As shown above, a user defined type always comes with a plain
constructor that requires exactly all initialized fields in
{}
. That is sufficient for most cases but sometimes you may
want to do additional processing on the inputs where the mapping from
inputs to fields in not 1:1.
In that case you can declare a function with the keyword
constructor
instead of def
:
constructor Foo(n:int):
return Foo { map(n): 0, map(n): 1 }
This function behaves like a normal function, except that it marks
type Foo
as having a constructor, and hence forth doesn't
allow code outside of this function to be constructed using a plain
{}
constructor, it must call this function instead. This is
because a constructor may encode an invariant, such as in this case that
the object is always initialized to two vectors of the same length with
elements initialized to 0 and 1 respectively. You couldn't do this with
a plain constructor, since there would be no way to take the variable
n
into account.
Another common case is wanting to make a variable non-nil, but there is no way to construct a general instance of the type that would work for all cases. Now you can make it depend on a caller supplied argument.
You call these constructors with regular function calling syntax
(e.g. Foo(10)
) instead of with {}
, to make it
clear that additional code may be executed beyond plain field
initialization (and that a function is called).
You may create overloads for constructors much like regular functions, or even make them dynamically dispatch, as long as they all result in the given type.
Lobster is statically typed, though most of the time you don’t notice, since most types can be inferred.
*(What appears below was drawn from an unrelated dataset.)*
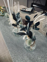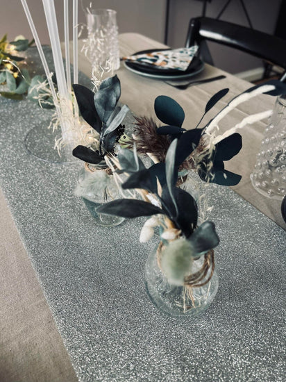 Förvandla din middagsupplevelse till en verklig fest med vår Glitter Bordlöpare. Denna lyxiga löpare ger din dukning en extra gnista och skapar en sofistikerad atmosfär, perfekt för att imponera på gäster under festliga tillfällen.
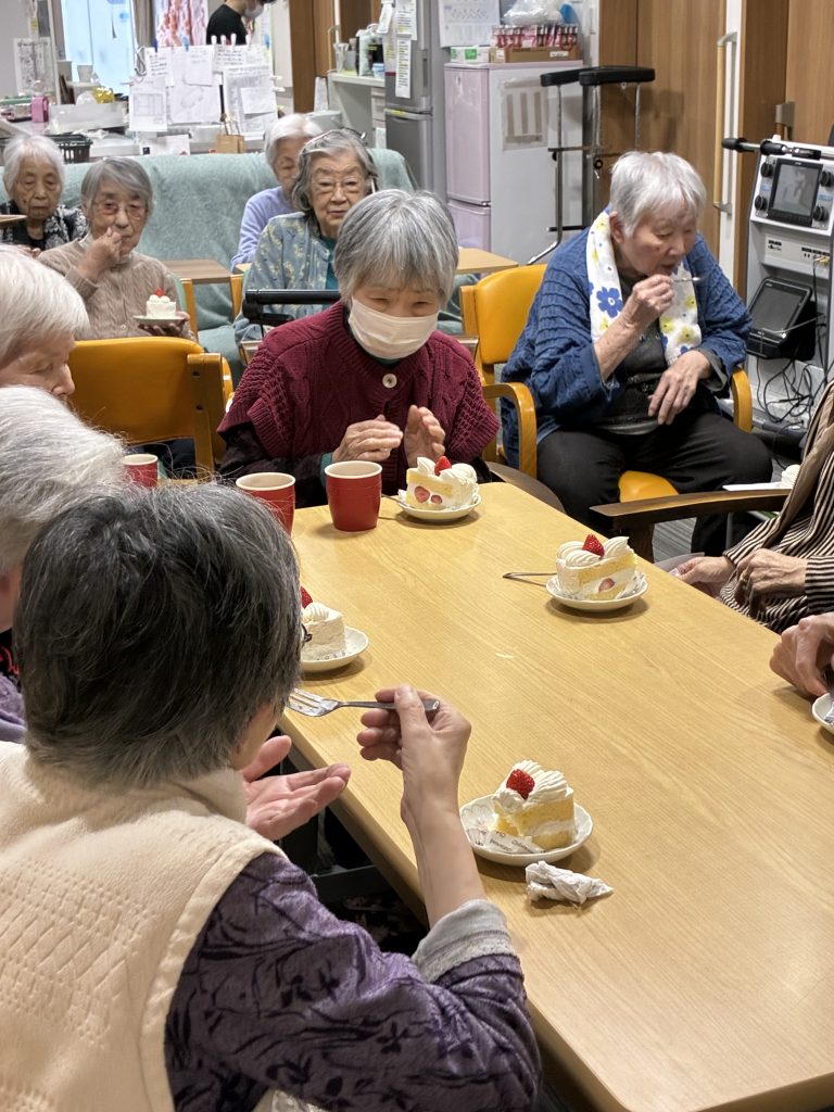 琴に合わせて声を出して歌い、お祝い🎊の🍰ケーキを召し上がり😋充実した時間を過ごして頂けたようです。

You specify types:
To define overloaded / dynamic dispatched functions (see earlier).
To provide coercion (int
-> float
,
anything -> string
)
As documentation.
To get simpler/earlier type errors.
As we've seen, you can type function arguments and UDT fields.
For more detail, see the type system.
enum example:
foo = 1
bar
baz
An enum
defines a "strongly typed alias" for the
int
type. What this means is that these values are fully
compatible with int
in any use, but a regular
int
can't be passed to a context where an enum type is
explicitly requested.
You can convert integers explicitly to an enum with a coercion
function, e.g. example(1)
will create a value equivalent in
type and value to foo
.
If you leave out the = 1
, the sequence will start at
0
instead. Values automatically increment from the last
explicitly specified value, so bar
will be 2
here. Instead of enum
you can use enum_flags
,
which changes the default first value to 1
and uses
* 2
to get to next value instead of + 1
.
Functions like string
, print
will get you
the name of an enum value, and likewise parse_data
can turn
these names into enum values (when part of a data structure).
When you use an enum in a switch
, it is an error to not
test all values of an enum (if there is no default case).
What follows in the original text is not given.